**Work to complete**
Print the entries exactly as they appear, and omit any images.

[Records from a data collection]

Start of Block

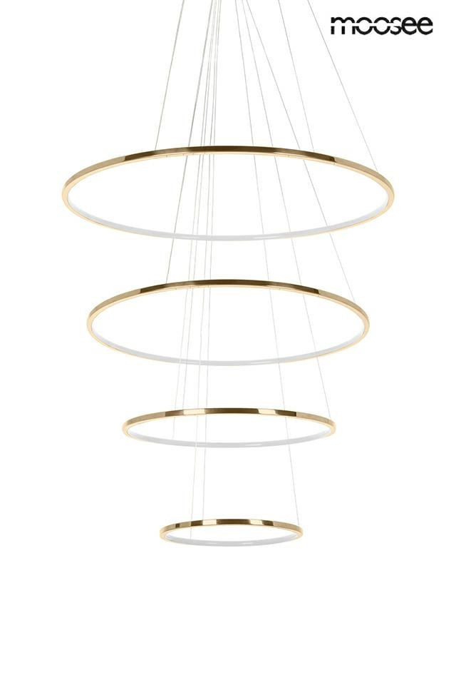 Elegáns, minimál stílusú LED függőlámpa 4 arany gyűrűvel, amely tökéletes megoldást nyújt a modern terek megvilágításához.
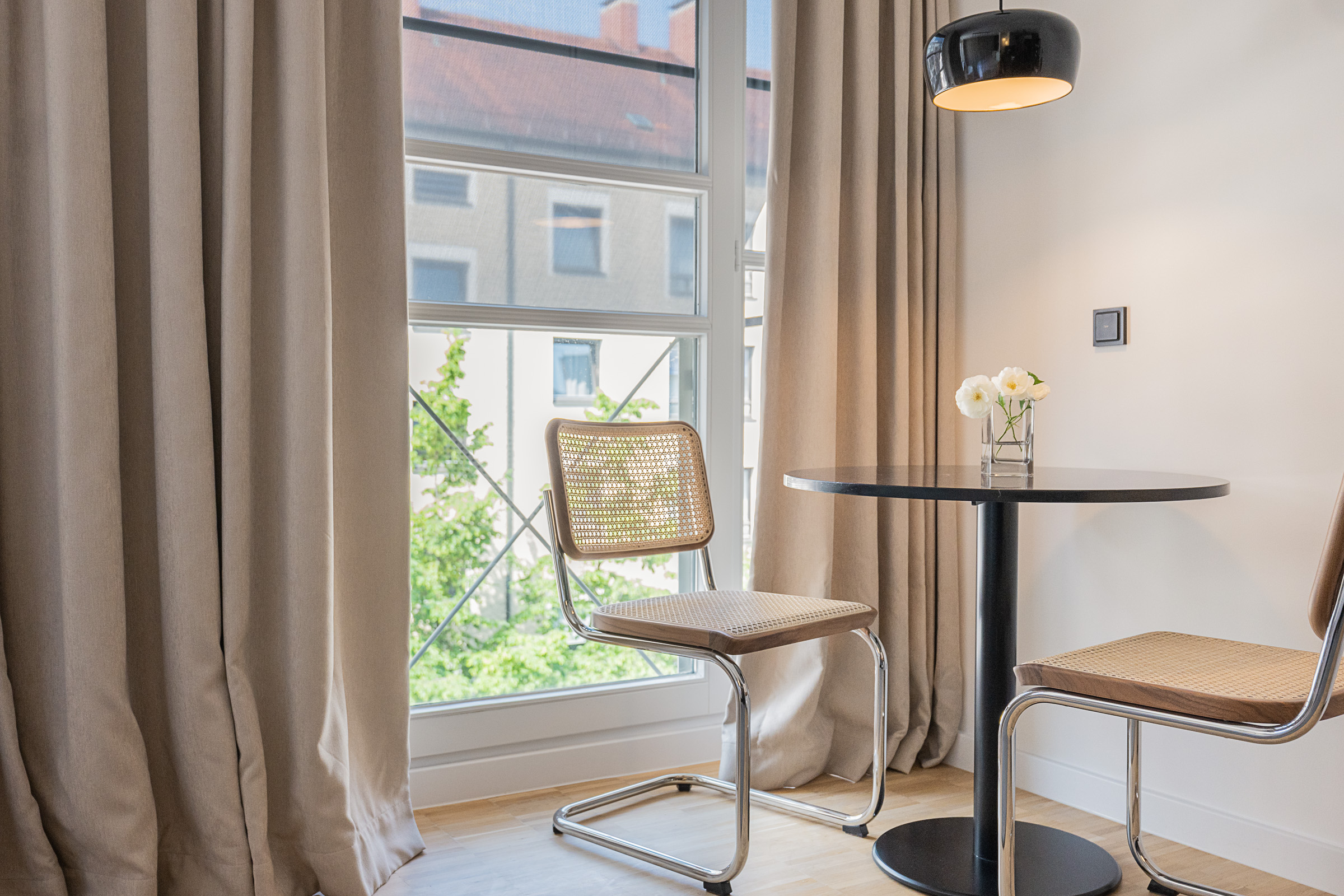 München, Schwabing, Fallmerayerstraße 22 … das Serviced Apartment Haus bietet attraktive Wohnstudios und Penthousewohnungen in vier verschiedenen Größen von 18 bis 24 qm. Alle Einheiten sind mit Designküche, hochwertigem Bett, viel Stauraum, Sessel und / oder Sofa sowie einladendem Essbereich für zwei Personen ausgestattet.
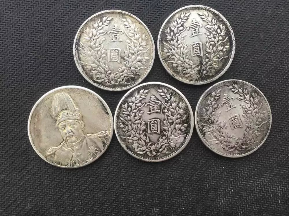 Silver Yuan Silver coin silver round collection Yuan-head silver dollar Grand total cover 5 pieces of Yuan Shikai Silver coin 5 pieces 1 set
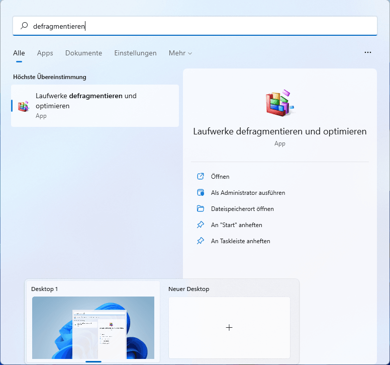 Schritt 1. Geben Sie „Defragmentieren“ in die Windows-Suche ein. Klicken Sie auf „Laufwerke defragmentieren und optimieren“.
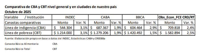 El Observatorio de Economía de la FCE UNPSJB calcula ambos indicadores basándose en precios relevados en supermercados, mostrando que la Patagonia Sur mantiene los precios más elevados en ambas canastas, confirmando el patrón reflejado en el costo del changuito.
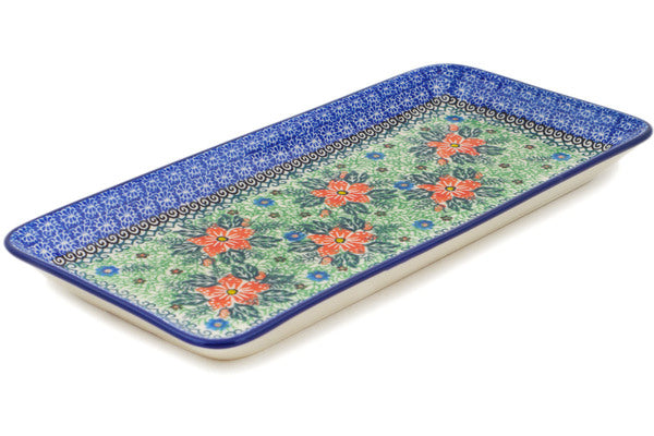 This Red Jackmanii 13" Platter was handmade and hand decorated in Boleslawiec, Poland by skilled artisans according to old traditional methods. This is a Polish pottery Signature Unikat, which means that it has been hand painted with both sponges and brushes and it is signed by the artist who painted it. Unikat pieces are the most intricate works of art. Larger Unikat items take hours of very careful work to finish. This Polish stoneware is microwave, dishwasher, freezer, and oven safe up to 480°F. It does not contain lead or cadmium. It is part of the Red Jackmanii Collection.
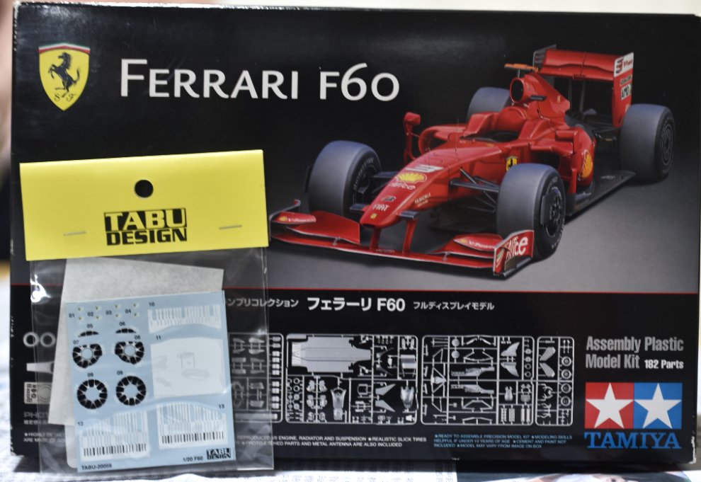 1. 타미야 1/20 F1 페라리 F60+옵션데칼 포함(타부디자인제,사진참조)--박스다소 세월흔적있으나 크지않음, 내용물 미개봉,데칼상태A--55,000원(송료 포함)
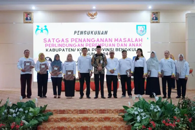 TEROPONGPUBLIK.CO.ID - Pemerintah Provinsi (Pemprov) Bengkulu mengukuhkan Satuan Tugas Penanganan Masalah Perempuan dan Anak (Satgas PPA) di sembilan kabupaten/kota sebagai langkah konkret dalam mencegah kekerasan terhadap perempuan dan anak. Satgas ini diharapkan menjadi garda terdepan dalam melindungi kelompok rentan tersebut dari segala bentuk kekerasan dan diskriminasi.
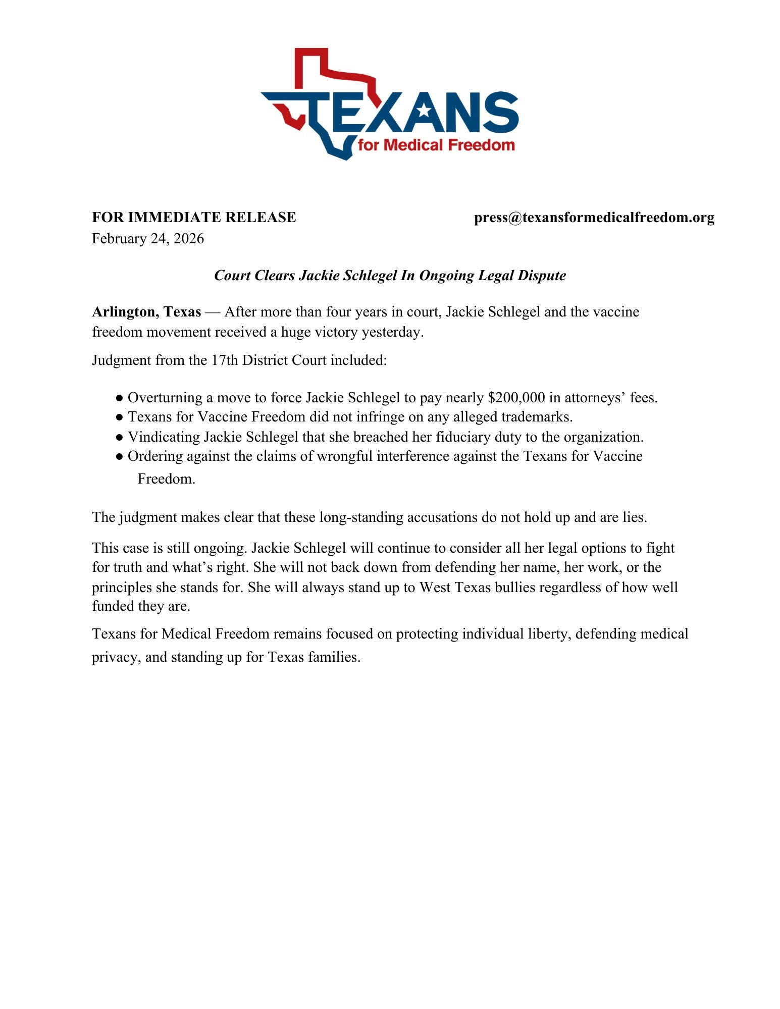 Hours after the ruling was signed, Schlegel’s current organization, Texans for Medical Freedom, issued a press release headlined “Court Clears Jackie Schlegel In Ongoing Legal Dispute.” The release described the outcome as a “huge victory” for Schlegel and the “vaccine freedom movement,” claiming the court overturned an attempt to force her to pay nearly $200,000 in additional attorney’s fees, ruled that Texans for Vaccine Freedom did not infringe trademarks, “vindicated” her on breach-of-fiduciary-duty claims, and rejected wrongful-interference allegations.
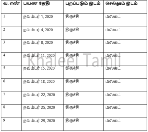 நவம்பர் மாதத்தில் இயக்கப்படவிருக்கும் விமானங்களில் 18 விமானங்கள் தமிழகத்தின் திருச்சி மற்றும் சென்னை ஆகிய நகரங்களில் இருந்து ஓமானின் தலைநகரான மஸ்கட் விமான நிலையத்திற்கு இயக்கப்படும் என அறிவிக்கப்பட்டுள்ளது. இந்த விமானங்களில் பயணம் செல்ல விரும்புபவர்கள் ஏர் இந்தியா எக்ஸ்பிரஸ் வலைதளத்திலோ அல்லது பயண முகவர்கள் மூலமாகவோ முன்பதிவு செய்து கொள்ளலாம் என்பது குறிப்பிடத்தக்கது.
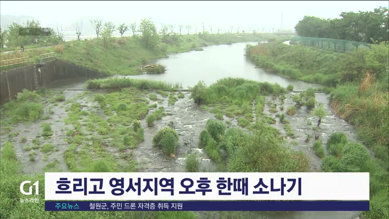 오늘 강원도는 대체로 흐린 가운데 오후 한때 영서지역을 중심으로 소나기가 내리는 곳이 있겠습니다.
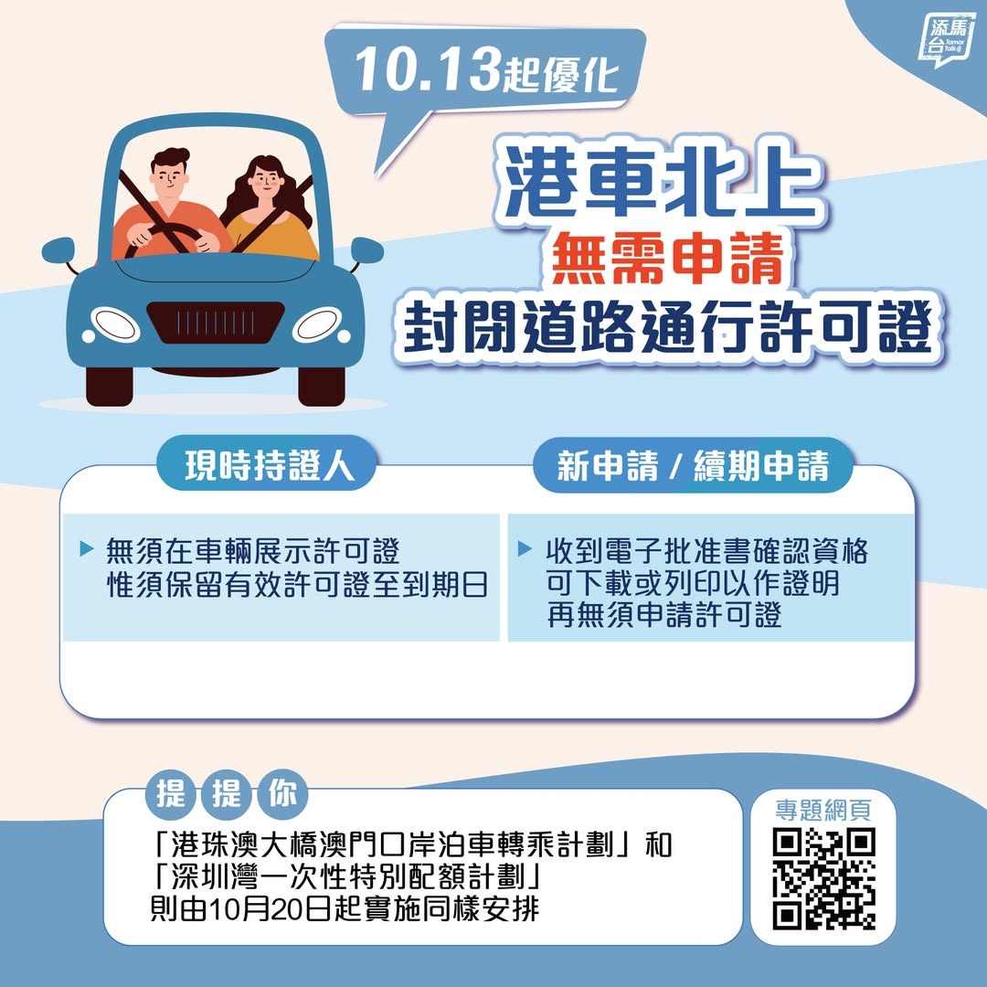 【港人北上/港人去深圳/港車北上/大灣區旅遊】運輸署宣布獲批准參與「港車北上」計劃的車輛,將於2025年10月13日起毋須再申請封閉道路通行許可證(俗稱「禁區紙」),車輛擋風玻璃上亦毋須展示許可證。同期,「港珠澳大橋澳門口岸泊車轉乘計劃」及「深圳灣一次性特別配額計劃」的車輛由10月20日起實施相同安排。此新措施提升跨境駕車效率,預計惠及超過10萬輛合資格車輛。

End of Block

**Finished exercise**
 Elegáns, minimál stílusú LED függőlámpa 4 arany gyűrűvel, amely tökéletes megoldást nyújt a modern terek megvilágításához.
 München, Schwabing, Fallmerayerstraße 22 … das Serviced Apartment Haus bietet attraktive Wohnstudios und Penthousewohnungen in vier verschiedenen Größen von 18 bis 24 qm. Alle Einheiten sind mit Designküche, hochwertigem Bett, viel Stauraum, Sessel und / oder Sofa sowie einladendem Essbereich für zwei Personen ausgestattet.
 Silver Yuan Silver coin silver round collection Yuan-head silver dollar Grand total cover 5 pieces of Yuan Shikai Silver coin 5 pieces 1 set
 Schritt 1. Geben Sie „Defragmentieren“ in die Windows-Suche ein. Klicken Sie auf „Laufwerke defragmentieren und optimieren“.
 El Observatorio de Economía de la FCE UNPSJB calcula ambos indicadores basándose en precios relevados en supermercados, mostrando que la Patagonia Sur mantiene los precios más elevados en ambas canastas, confirmando el patrón reflejado en el costo del changuito.
 This Red Jackmanii 13" Platter was handmade and hand decorated in Boleslawiec, Poland by skilled artisans according to old traditional methods. This is a Polish pottery Signature Unikat, which means that it has been hand painted with both sponges and brushes and it is signed by the artist who painted it. Unikat pieces are the most intricate works of art. Larger Unikat items take hours of very careful work to finish. This Polish stoneware is microwave, dishwasher, freezer, and oven safe up to 480°F. It does not contain lead or cadmium. It is part of the Red Jackmanii Collection.
 1. 타미야 1/20 F1 페라리 F60+옵션데칼 포함(타부디자인제,사진참조)--박스다소 세월흔적있으나 크지않음, 내용물 미개봉,데칼상태A--55,000원(송료 포함)
 TEROPONGPUBLIK.CO.ID - Pemerintah Provinsi (Pemprov) Bengkulu mengukuhkan Satuan Tugas Penanganan Masalah Perempuan dan Anak (Satgas PPA) di sembilan kabupaten/kota sebagai langkah konkret dalam mencegah kekerasan terhadap perempuan dan anak. Satgas ini diharapkan menjadi garda terdepan dalam melindungi kelompok rentan tersebut dari segala bentuk kekerasan dan diskriminasi.
 Hours after the ruling was signed, Schlegel’s current organization, Texans for Medical Freedom, issued a press release headlined “Court Clears Jackie Schlegel In Ongoing Legal Dispute.” The release described the outcome as a “huge victory” for Schlegel and the “vaccine freedom movement,” claiming the court overturned an attempt to force her to pay nearly $200,000 in additional attorney’s fees, ruled that Texans for Vaccine Freedom did not infringe trademarks, “vindicated” her on breach-of-fiduciary-duty claims, and rejected wrongful-interference allegations.
 நவம்பர் மாதத்தில் இயக்கப்படவிருக்கும் விமானங்களில் 18 விமானங்கள் தமிழகத்தின் திருச்சி மற்றும் சென்னை ஆகிய நகரங்களில் இருந்து ஓமானின் தலைநகரான மஸ்கட் விமான நிலையத்திற்கு இயக்கப்படும் என அறிவிக்கப்பட்டுள்ளது. இந்த விமானங்களில் பயணம் செல்ல விரும்புபவர்கள் ஏர் இந்தியா எக்ஸ்பிரஸ் வலைதளத்திலோ அல்லது பயண முகவர்கள் மூலமாகவோ முன்பதிவு செய்து கொள்ளலாம் என்பது குறிப்பிடத்தக்கது.
 오늘 강원도는 대체로 흐린 가운데 오후 한때 영서지역을 중심으로 소나기가 내리는 곳이 있겠습니다.
 【港人北上/港人去深圳/港車北上/大灣區旅遊】運輸署宣布獲批准參與「港車北上」計劃的車輛,將於2025年10月13日起毋須再申請封閉道路通行許可證(俗稱「禁區紙」),車輛擋風玻璃上亦毋須展示許可證。同期,「港珠澳大橋澳門口岸泊車轉乘計劃」及「深圳灣一次性特別配額計劃」的車輛由10月20日起實施相同安排。此新措施提升跨境駕車效率,預計惠及超過10萬輛合資格車輛。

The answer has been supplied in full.